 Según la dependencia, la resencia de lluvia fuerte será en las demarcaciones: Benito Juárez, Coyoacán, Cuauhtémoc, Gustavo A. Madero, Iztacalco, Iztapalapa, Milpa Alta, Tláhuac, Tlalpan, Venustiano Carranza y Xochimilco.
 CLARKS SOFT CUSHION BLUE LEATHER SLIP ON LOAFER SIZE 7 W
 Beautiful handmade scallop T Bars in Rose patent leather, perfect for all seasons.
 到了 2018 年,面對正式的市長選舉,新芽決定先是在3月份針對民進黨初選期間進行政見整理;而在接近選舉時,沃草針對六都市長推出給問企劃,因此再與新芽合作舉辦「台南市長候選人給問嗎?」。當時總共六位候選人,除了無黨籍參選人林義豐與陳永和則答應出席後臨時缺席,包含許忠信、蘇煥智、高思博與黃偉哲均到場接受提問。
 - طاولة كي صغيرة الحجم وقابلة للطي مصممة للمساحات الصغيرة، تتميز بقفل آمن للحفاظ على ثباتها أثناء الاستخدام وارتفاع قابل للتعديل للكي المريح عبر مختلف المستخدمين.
○ ○ ○ ○
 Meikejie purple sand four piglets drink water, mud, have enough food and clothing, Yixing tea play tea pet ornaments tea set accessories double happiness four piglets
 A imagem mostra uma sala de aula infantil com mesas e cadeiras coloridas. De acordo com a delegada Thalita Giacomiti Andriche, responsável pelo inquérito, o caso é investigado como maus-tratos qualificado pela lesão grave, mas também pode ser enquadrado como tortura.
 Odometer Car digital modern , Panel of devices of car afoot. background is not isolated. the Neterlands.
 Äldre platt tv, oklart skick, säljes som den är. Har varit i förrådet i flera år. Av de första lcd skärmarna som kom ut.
○ ○ ○ ○
Repeat, word for word, the lines above between the line holding "CLARKS SOFT CUSHION" and the line holding "- طاولة كي صغيرة", inclusive; omit everything else.

 CLARKS SOFT CUSHION BLUE LEATHER SLIP ON LOAFER SIZE 7 W
 Beautiful handmade scallop T Bars in Rose patent leather, perfect for all seasons.
 到了 2018 年,面對正式的市長選舉,新芽決定先是在3月份針對民進黨初選期間進行政見整理;而在接近選舉時,沃草針對六都市長推出給問企劃,因此再與新芽合作舉辦「台南市長候選人給問嗎?」。當時總共六位候選人,除了無黨籍參選人林義豐與陳永和則答應出席後臨時缺席,包含許忠信、蘇煥智、高思博與黃偉哲均到場接受提問。
 - طاولة كي صغيرة الحجم وقابلة للطي مصممة للمساحات الصغيرة، تتميز بقفل آمن للحفاظ على ثباتها أثناء الاستخدام وارتفاع قابل للتعديل للكي المريح عبر مختلف المستخدمين.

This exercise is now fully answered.